Most efficacy trials reviewed here were not performed in clinical settings. Some interventions, in particular intense counseling, may be difficult to incorporate into medical practice. One option may be referral to programs that offer intense counseling with behavioral therapy. Another may be combining office-based counseling with innovative delivery of behavioral approaches, such as videotapes or Internet-delivered adjuncts. Other topics requiring future research include longer-term follow-up of the efficacy and harms of weight loss strategies (including better characterization of weight-cycling risks), postmarketing safety records of drugs, ability of interventions to alter body fat distribution, race- and ethnicity-specific health effects of purposeful reduction of central adiposity, and efficacy of weight maintenance strategies. In the interest of obesity prevention, treatment efficacy and health effects of lifestyle modification should be clarified for patients who are overweight but not obese. Finally, better estimates of the cost-effectiveness of obesity screening and treatment, including their impact on long-term health outcomes, are needed.

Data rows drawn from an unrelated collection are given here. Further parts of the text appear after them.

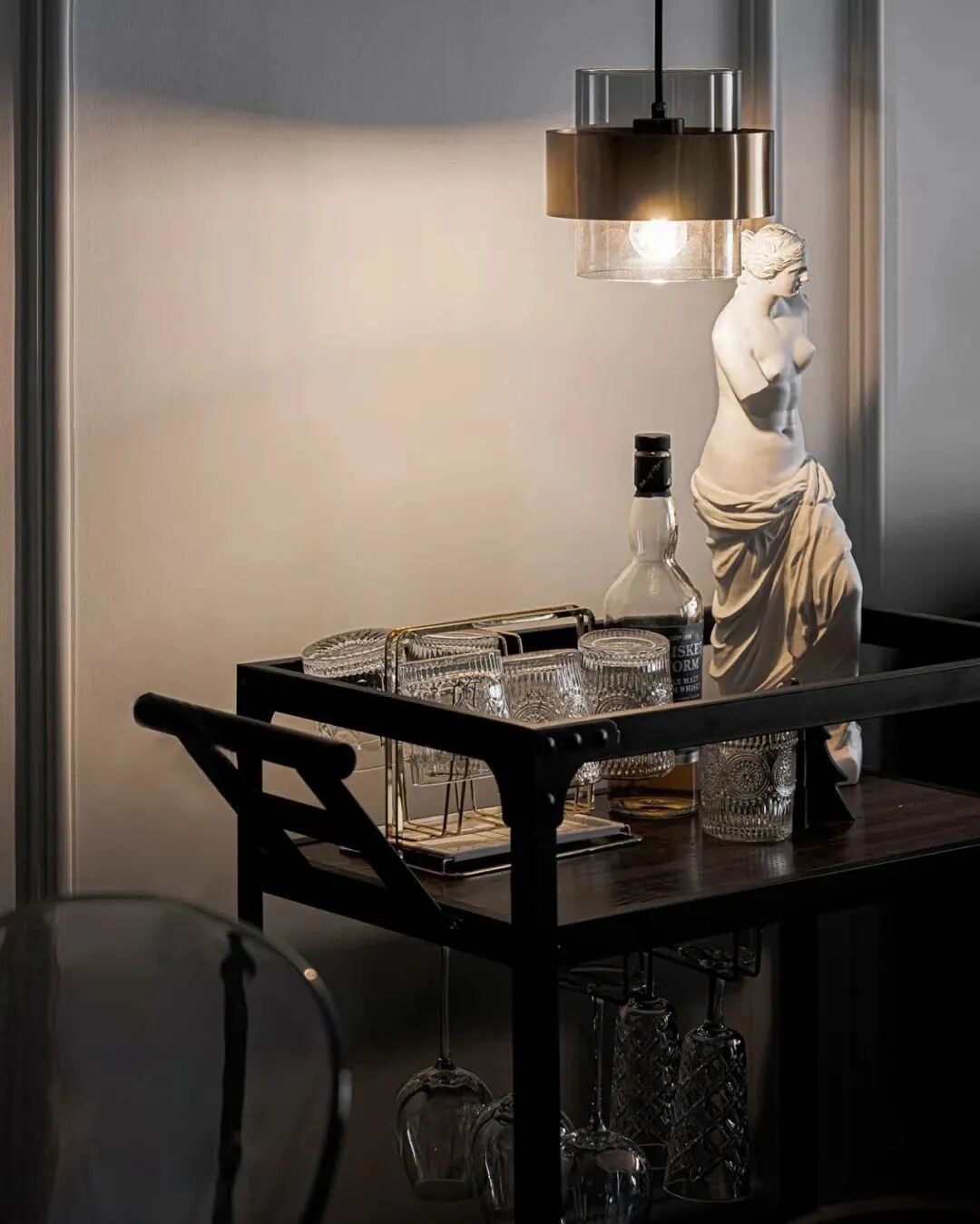 ▲ 沙发一旁置以小餐车,金属吊灯点缀,维纳斯雕塑摆件彰显艺术美,精致的酒品杯具收纳于内,灯光渲染下,极富生活情调。
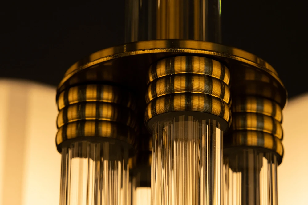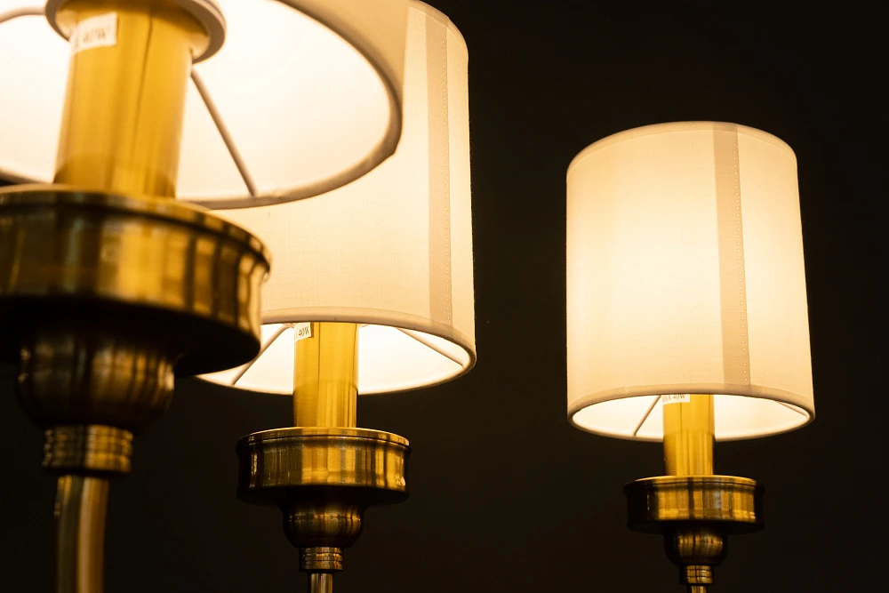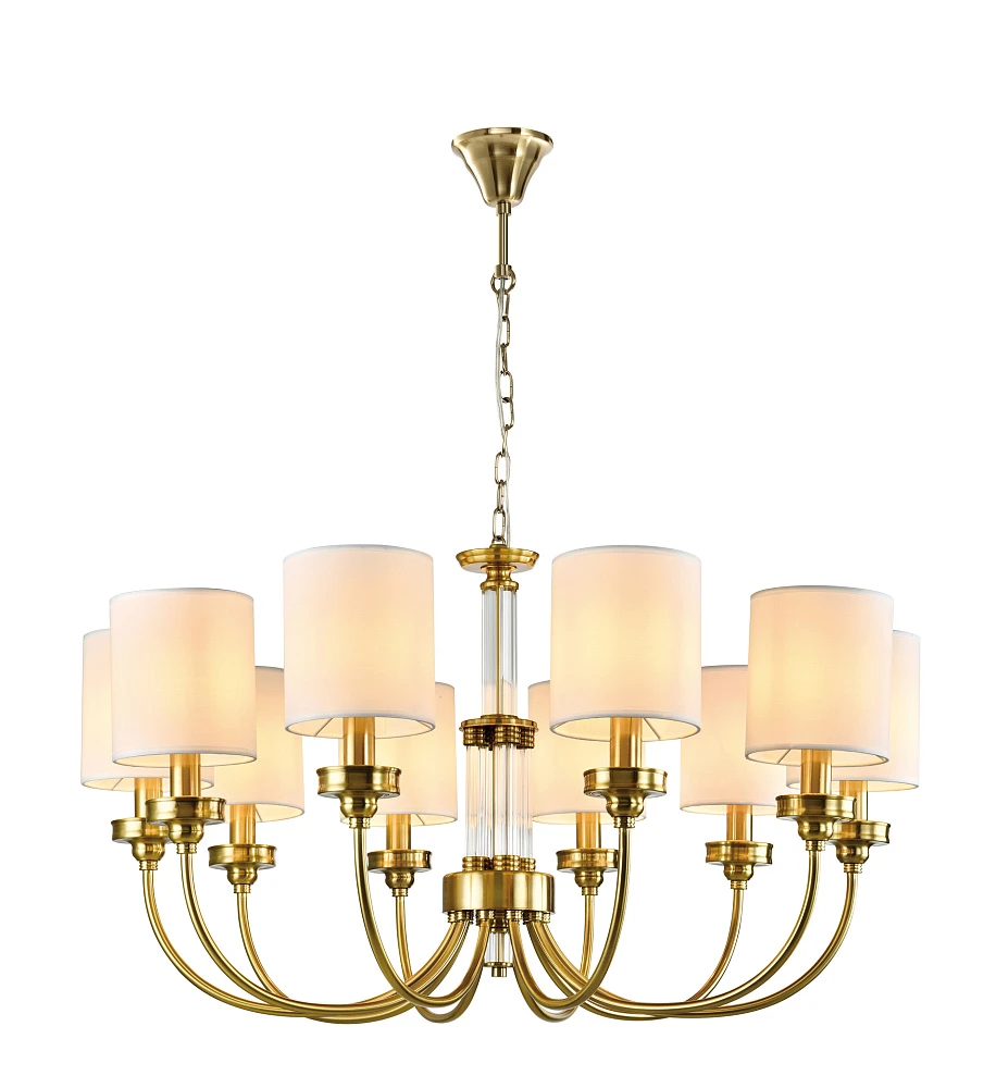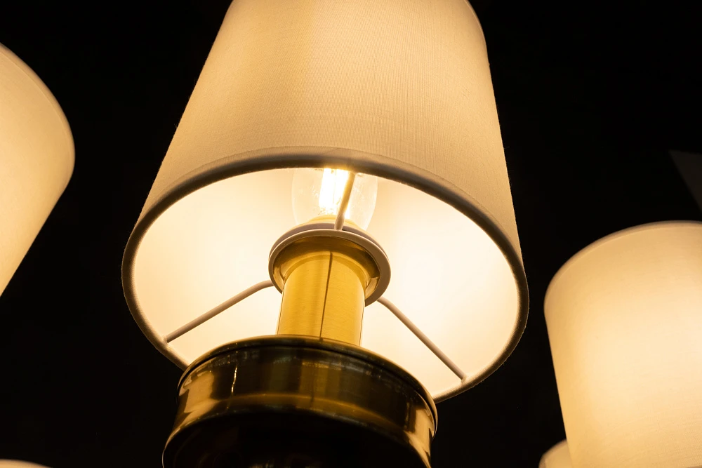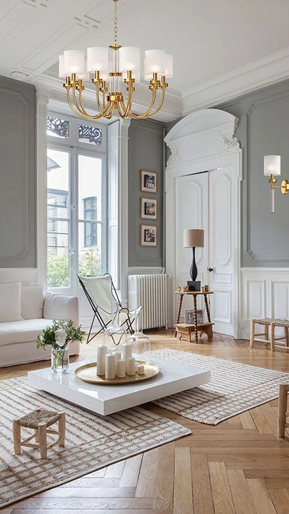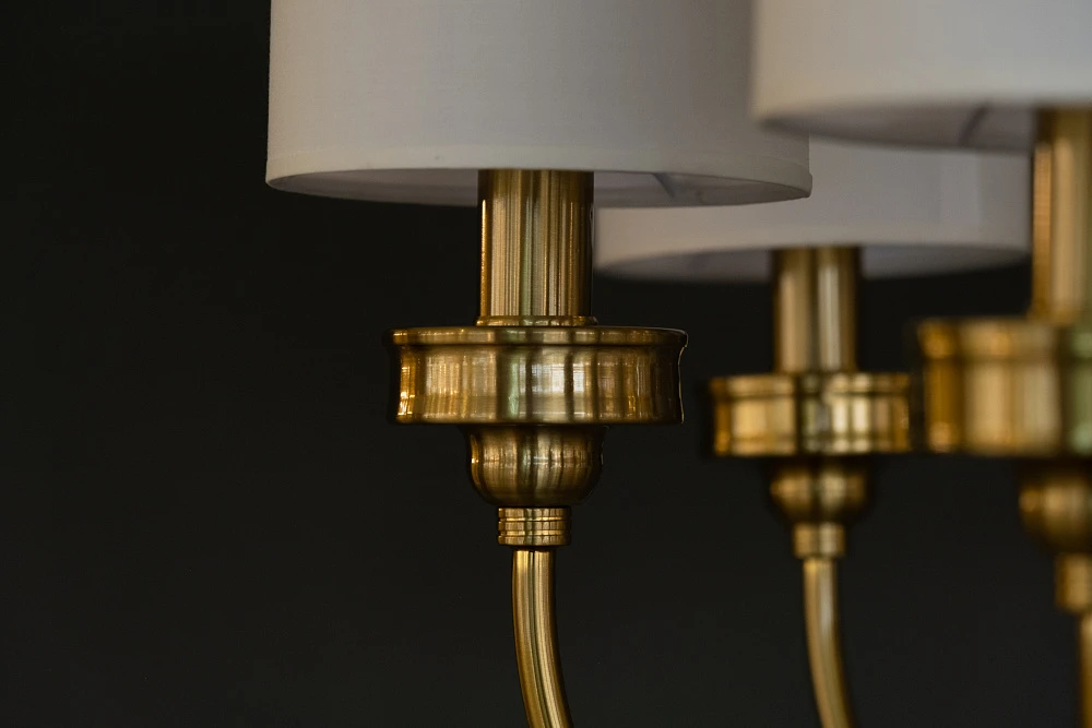 Элегантная люстра сочетает в себе теплый оттенок каркаса из золота и белых абажуров, создавая обновленный взгляд на классический вид.
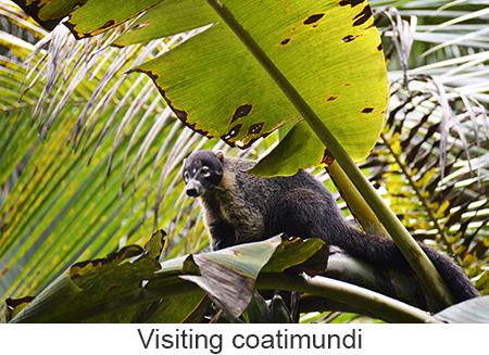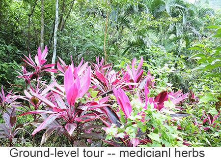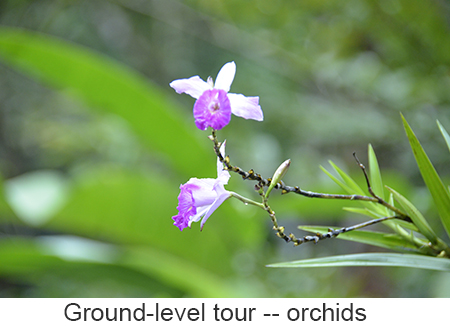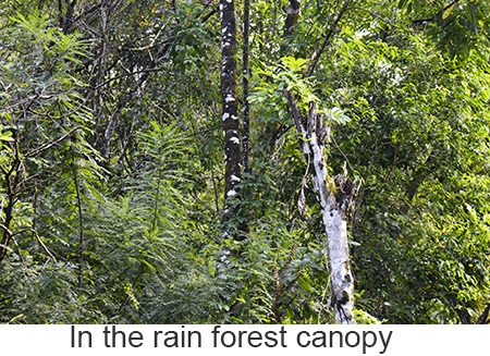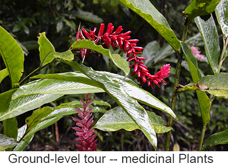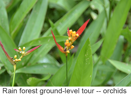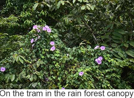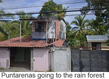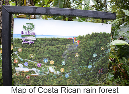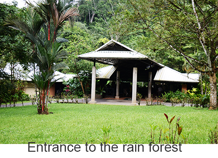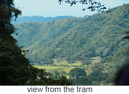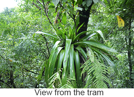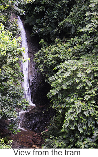 Our tour started with an hour bus trip to the rain forest preserve for an aerial tram tour through the forest canopy. We had three guides one on the bus, the second on the tram and the third during a walking tour on the forest floor. All were very knowledgeable and informative. During the trip out, our guide gave us a brief history of Costa Rica and some insights on how their system works. At the rain forest preserve we boarded a tram (eight passengers and a guide for a trip through the forest canopy. Our guide explained the forest ecosystem and pointed out some the wildlife we would not have seen on our own. The forst itself is beautiful with its flowers and waterfalls. We heard but did not see any birds and the multicolored butterflies and moths were darting around to quickly to get pictures of. There was an iguana and one of those brightly colored poisonous frogs. The plantlife is amazing – all those small indoor plants we have at home grow to giant size in their natural habitat. During our walk on the forest floor we saw a number of poisonous and non-poisonous snakes – all in glass cages along with a giant non-poisonous frog. Our guide pointed out a number of medicinal plants some with brilliant colored flowers and a tree with red bark that is used to make a tea that can help diabetics. After the tours we went to the park cafeteria for lunch – rice and beans and chicken and plantains and then back to the ship. |

Long-term research on combined treatment methods in more generalized populations is also necessary. We were unable to assess treatment effectiveness by sex or ethnicity. Intervention efficacy trials have focused on white women, and observational evidence for health outcomes is derived mostly from patients of European origin. Treatment efficacy may differ with race (11, 78), and because some ethnic groups have a disproportionate prevalence of obesity, this area needs further attention.
All obesity therapies carry promise and burden, which must be balanced in clinical decision making. Counseling approaches appear the least harmful and produce modest, clinically important weight loss but entail cost in time and resources. Pharmacotherapy promotes modest additional weight loss, but long-term drug use may be needed to sustain this benefit, and long-term adverse events and appreciable cost are unknown. Only surgical options consistently result in substantial long-term weight reduction; however, they carry a low risk for severe complications and are expensive. Body size, health status, and weight loss history all may influence obesity treatment.